Technology will always be a part of whatever solution we seek to our various environmental problems. It is claimed that innovations in fields such as synthetic biology, artificial intelligence, genetic engineering, and nanotechnology will transform every aspect of life. One advocate argues that it would be an “evasion of our ethical duties” to ignore the fact that our human activities have already changed the world to such an extent that we need to engineer a solution.

Technology is so intoxicating that sometimes even distinguished economists speak about it as though it can solve anything. “The world can, in effect, get along without natural resources,” remarked Nobel Prize–winning economist Robert Solow. Julian Simon, who writes mostly on economic subjects, goes even further. “Technology exists now,” he wrote, “to produce in virtually inexhaustible quantities just about all the products made by nature—foodstuffs, oil, even pearls and diamonds….We have in our hands now —actually, in our libraries — the technology to feed, clothe, and supply energy to an ever-growing population for the next 7 billion years. (Seven billion years?!)

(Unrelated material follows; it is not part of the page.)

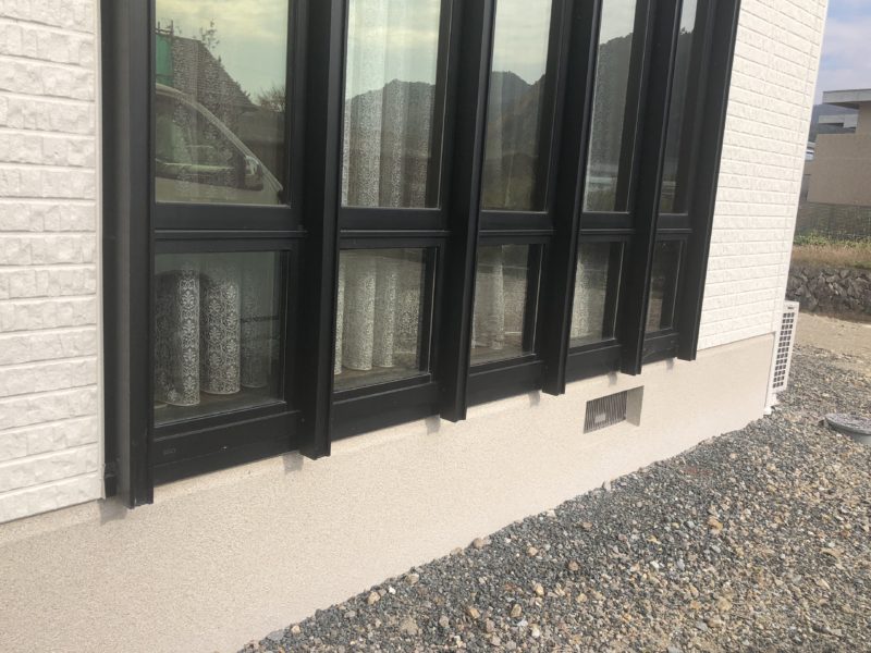 外構工事中に飛石が当たりサッシをキズ付けてしまった。

A joint report published in 2003 by the National Science Foundation and the US Department of Commerce, entitled Converging Technologies for Improving Human Performance, concludes, “The twenty-first century could end in world peace, universal prosperity, and evolution to a higher level of compassion and accomplishment.”  What kind of technologies are such optimists dreaming about? There will be animal protein bioengineered in factories rather than obtained from animals grazing in the fields. We can use genetic engineering to improve on the natural process of photosynthesis in plants. This would allow solar energy to be used on a massive scale without taking up too much land. 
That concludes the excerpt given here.